== Problem requirements ==
What you return should be the full listing, word for word, without a single image.

== Given entries ==

☆ ☆ ☆ ☆

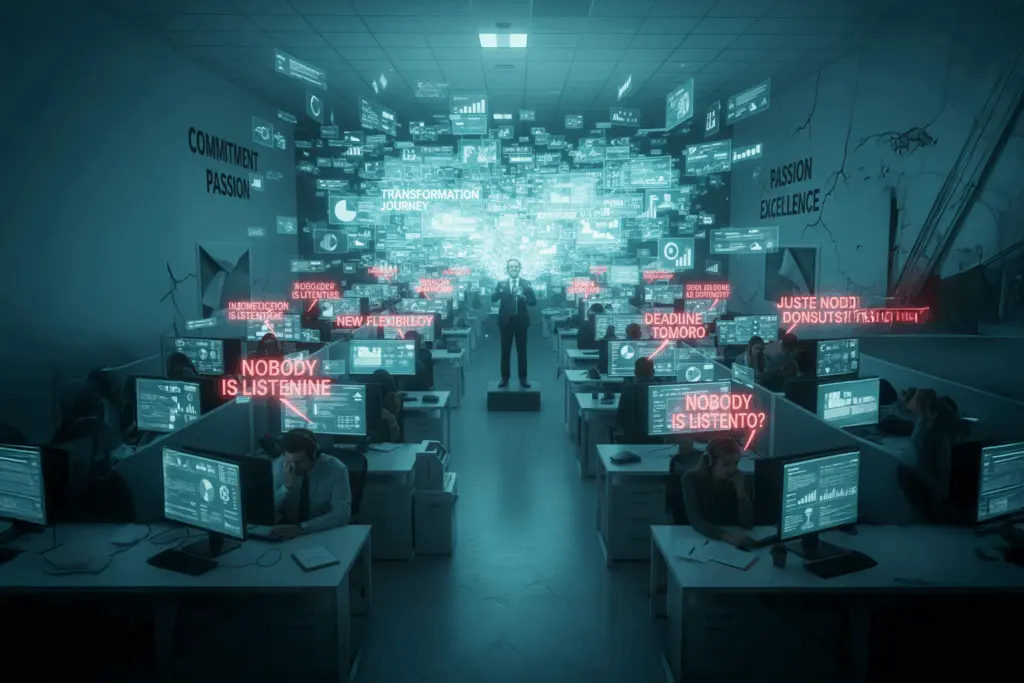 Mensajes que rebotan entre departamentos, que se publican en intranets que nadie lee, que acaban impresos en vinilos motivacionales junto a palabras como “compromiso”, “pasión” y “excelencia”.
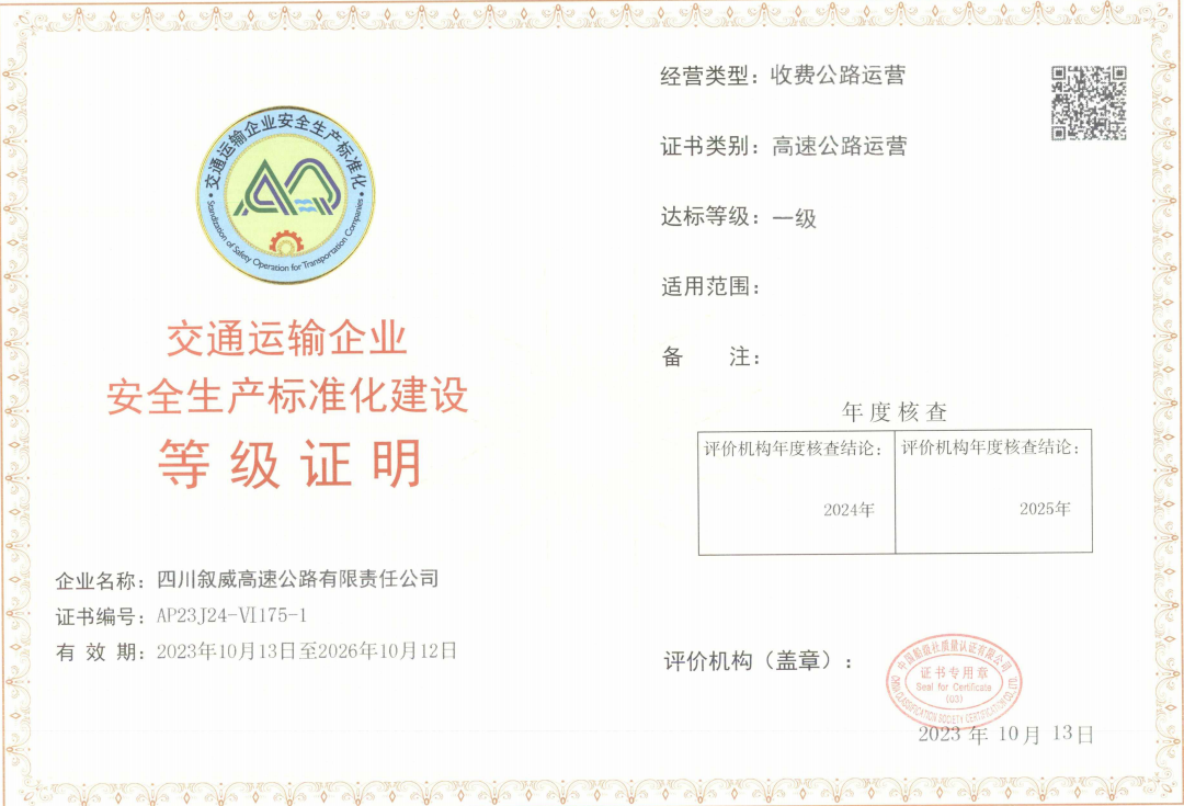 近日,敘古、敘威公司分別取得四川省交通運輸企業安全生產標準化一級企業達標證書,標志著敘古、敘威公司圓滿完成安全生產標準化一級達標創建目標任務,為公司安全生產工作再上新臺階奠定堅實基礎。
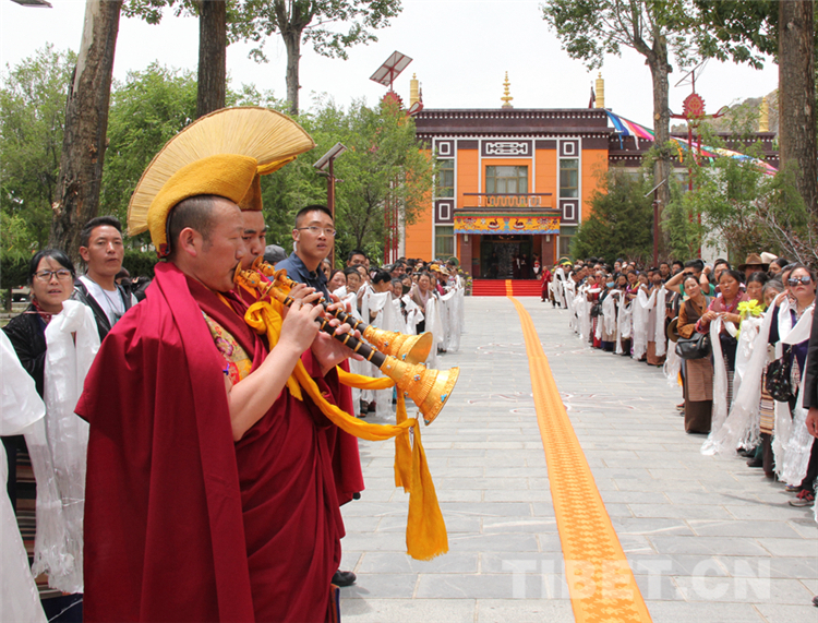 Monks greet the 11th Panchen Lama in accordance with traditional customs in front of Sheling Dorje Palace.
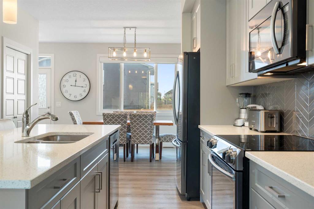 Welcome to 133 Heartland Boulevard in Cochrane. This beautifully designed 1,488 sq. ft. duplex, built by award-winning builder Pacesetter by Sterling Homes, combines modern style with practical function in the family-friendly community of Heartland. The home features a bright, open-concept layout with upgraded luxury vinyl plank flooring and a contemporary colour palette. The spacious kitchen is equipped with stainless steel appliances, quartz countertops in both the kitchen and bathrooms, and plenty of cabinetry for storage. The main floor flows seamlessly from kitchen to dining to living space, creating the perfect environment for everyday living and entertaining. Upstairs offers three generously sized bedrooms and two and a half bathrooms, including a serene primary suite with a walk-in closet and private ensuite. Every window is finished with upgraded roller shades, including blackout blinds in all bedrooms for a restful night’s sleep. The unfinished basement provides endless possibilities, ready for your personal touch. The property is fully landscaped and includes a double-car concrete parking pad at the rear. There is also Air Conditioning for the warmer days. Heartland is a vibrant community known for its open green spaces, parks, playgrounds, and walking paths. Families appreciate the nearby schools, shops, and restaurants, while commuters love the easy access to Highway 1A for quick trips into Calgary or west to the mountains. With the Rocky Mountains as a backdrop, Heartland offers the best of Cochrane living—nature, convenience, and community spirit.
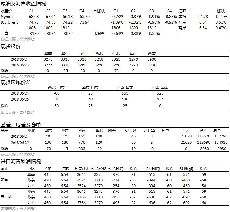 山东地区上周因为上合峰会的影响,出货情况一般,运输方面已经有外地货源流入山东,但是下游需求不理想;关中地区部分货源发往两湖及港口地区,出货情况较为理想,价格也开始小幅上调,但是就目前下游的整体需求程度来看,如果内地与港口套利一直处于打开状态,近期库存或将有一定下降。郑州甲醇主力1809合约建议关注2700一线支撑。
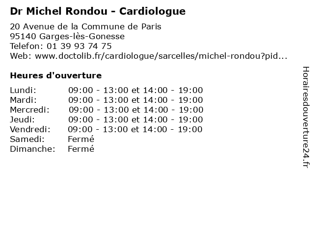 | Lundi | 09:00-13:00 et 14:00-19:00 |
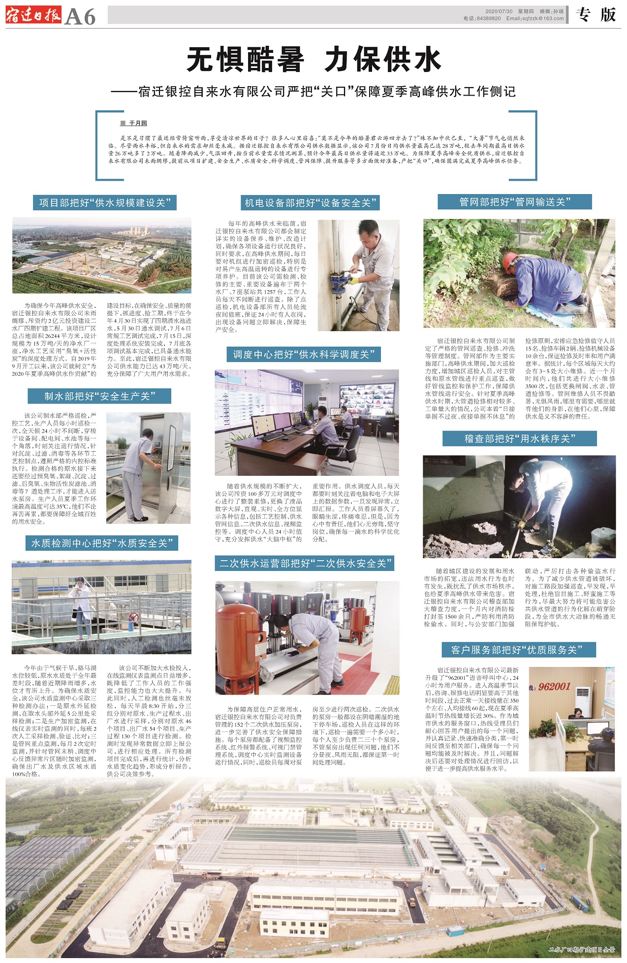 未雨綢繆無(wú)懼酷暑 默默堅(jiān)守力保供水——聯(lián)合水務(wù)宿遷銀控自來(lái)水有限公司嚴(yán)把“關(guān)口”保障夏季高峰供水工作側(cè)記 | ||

☆ ☆ ☆ ☆

== Answer box ==
 Mensajes que rebotan entre departamentos, que se publican en intranets que nadie lee, que acaban impresos en vinilos motivacionales junto a palabras como “compromiso”, “pasión” y “excelencia”.
 近日,敘古、敘威公司分別取得四川省交通運輸企業安全生產標準化一級企業達標證書,標志著敘古、敘威公司圓滿完成安全生產標準化一級達標創建目標任務,為公司安全生產工作再上新臺階奠定堅實基礎。
 Monks greet the 11th Panchen Lama in accordance with traditional customs in front of Sheling Dorje Palace.
 Welcome to 133 Heartland Boulevard in Cochrane. This beautifully designed 1,488 sq. ft. duplex, built by award-winning builder Pacesetter by Sterling Homes, combines modern style with practical function in the family-friendly community of Heartland. The home features a bright, open-concept layout with upgraded luxury vinyl plank flooring and a contemporary colour palette. The spacious kitchen is equipped with stainless steel appliances, quartz countertops in both the kitchen and bathrooms, and plenty of cabinetry for storage. The main floor flows seamlessly from kitchen to dining to living space, creating the perfect environment for everyday living and entertaining. Upstairs offers three generously sized bedrooms and two and a half bathrooms, including a serene primary suite with a walk-in closet and private ensuite. Every window is finished with upgraded roller shades, including blackout blinds in all bedrooms for a restful night’s sleep. The unfinished basement provides endless possibilities, ready for your personal touch. The property is fully landscaped and includes a double-car concrete parking pad at the rear. There is also Air Conditioning for the warmer days. Heartland is a vibrant community known for its open green spaces, parks, playgrounds, and walking paths. Families appreciate the nearby schools, shops, and restaurants, while commuters love the easy access to Highway 1A for quick trips into Calgary or west to the mountains. With the Rocky Mountains as a backdrop, Heartland offers the best of Cochrane living—nature, convenience, and community spirit.
 山东地区上周因为上合峰会的影响,出货情况一般,运输方面已经有外地货源流入山东,但是下游需求不理想;关中地区部分货源发往两湖及港口地区,出货情况较为理想,价格也开始小幅上调,但是就目前下游的整体需求程度来看,如果内地与港口套利一直处于打开状态,近期库存或将有一定下降。郑州甲醇主力1809合约建议关注2700一线支撑。
 | Lundi | 09:00-13:00 et 14:00-19:00 |
 未雨綢繆無(wú)懼酷暑 默默堅(jiān)守力保供水——聯(lián)合水務(wù)宿遷銀控自來(lái)水有限公司嚴(yán)把“關(guān)口”保障夏季高峰供水工作側(cè)記 | ||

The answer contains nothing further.